**Exercise brief:**
Begin at the line below that has "Закончите карандашный рисунок". Stop after the line that has "- Pilon et mortier", repeating each line exactly and leaving out the pictures.

**Dataset excerpts:**

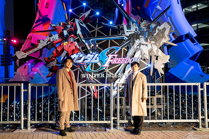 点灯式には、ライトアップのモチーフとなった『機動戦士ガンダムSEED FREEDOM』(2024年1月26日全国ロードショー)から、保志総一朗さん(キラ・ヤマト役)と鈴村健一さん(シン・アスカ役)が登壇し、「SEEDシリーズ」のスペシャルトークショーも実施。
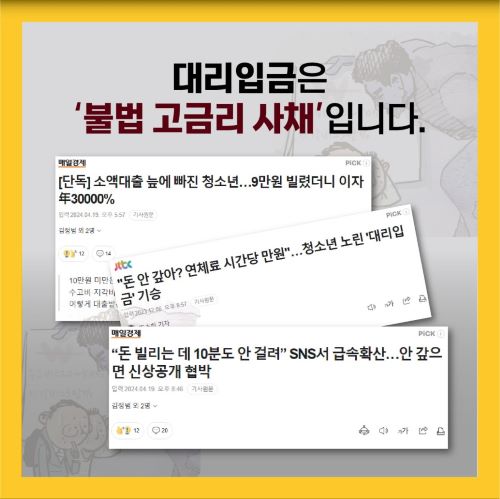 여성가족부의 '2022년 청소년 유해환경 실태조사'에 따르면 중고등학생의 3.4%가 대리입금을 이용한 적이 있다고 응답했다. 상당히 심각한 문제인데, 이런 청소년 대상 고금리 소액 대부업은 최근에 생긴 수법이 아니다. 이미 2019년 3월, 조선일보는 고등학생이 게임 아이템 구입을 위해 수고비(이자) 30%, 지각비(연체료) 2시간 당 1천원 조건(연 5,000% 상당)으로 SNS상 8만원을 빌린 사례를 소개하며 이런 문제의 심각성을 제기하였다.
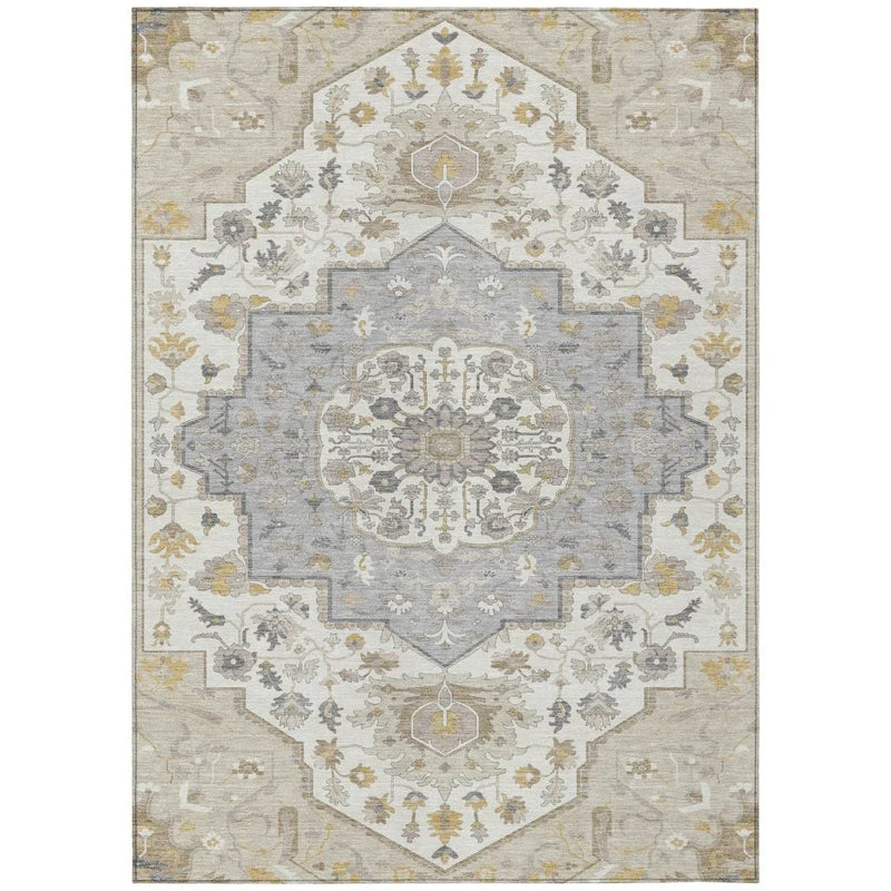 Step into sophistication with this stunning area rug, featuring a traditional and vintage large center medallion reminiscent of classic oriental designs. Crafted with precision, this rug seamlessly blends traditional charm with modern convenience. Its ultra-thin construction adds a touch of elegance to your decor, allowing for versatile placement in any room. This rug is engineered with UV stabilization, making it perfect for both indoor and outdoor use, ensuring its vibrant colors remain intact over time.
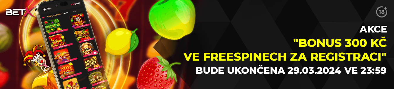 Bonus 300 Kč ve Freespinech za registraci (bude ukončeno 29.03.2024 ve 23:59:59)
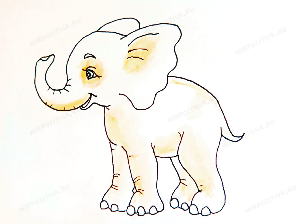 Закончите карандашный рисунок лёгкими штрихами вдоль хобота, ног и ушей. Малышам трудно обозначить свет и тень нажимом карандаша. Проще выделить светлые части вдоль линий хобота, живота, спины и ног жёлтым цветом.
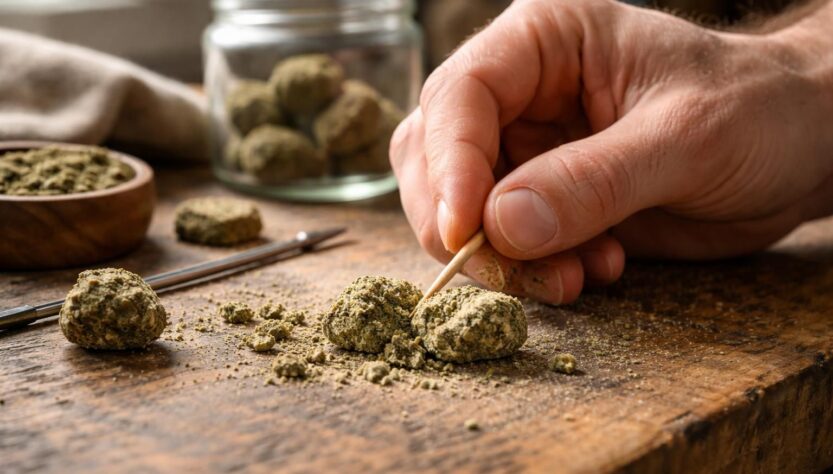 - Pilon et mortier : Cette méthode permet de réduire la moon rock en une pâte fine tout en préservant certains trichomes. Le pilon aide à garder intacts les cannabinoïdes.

---

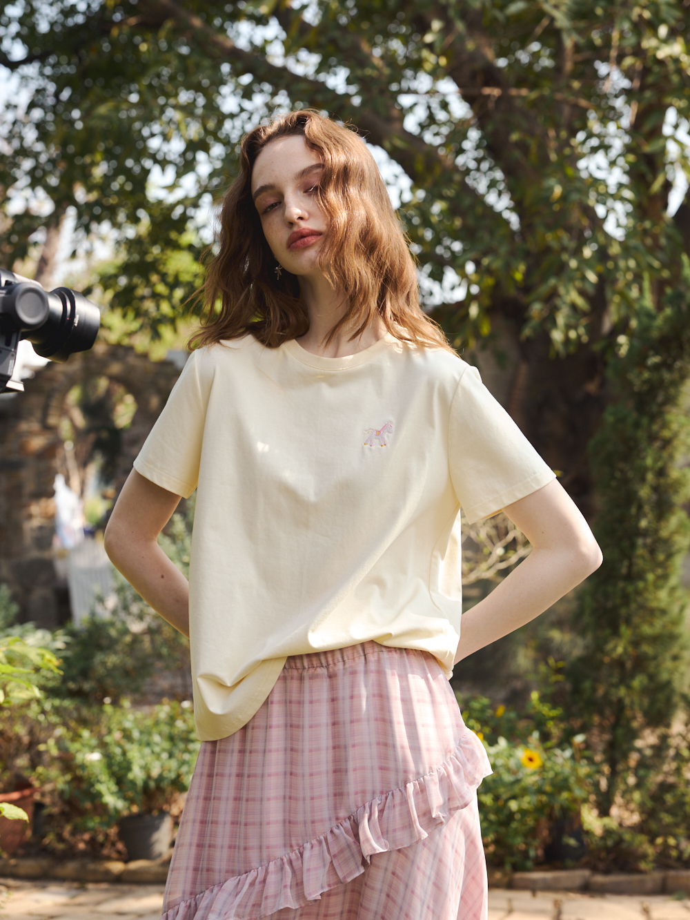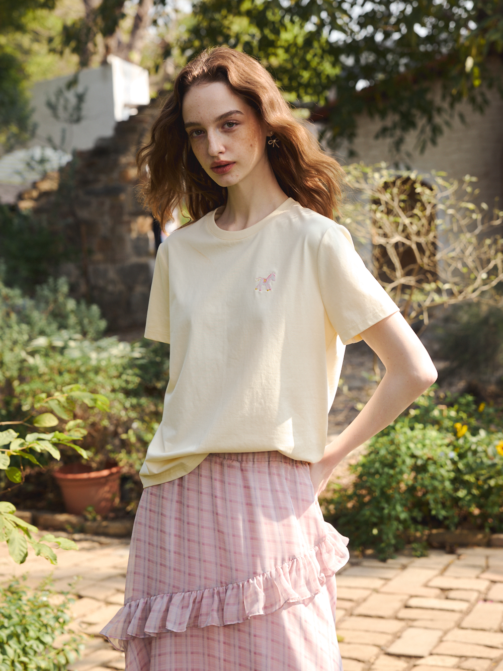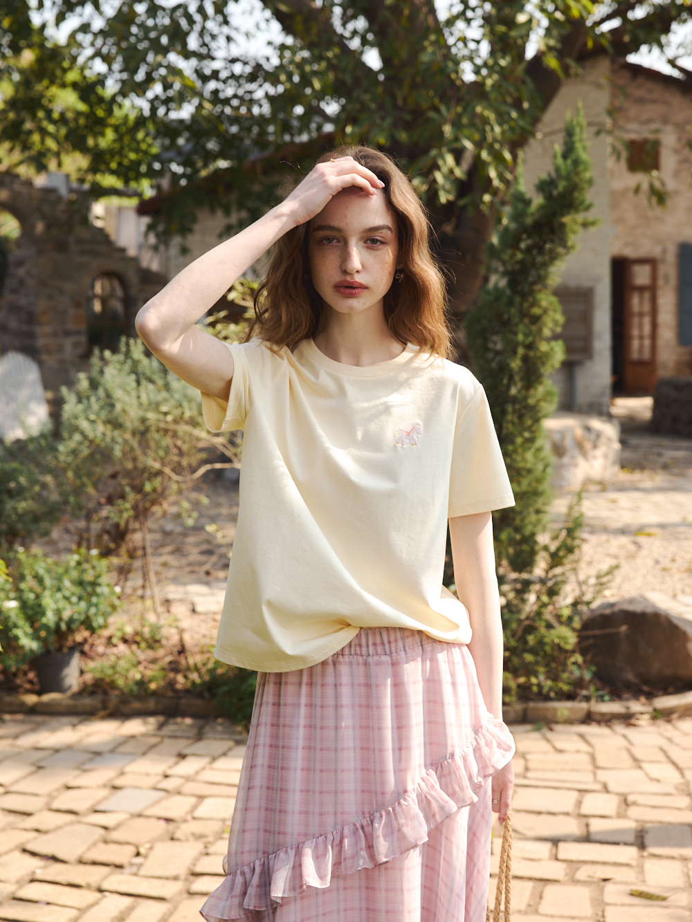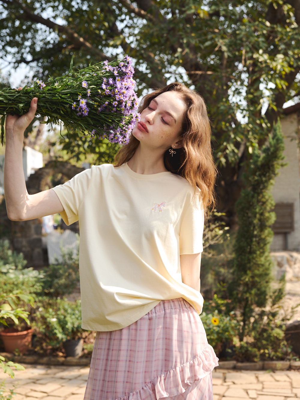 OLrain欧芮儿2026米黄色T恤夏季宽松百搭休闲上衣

**Solution to this task:**
 Закончите карандашный рисунок лёгкими штрихами вдоль хобота, ног и ушей. Малышам трудно обозначить свет и тень нажимом карандаша. Проще выделить светлые части вдоль линий хобота, живота, спины и ног жёлтым цветом.
 - Pilon et mortier : Cette méthode permet de réduire la moon rock en une pâte fine tout en préservant certains trichomes. Le pilon aide à garder intacts les cannabinoïdes.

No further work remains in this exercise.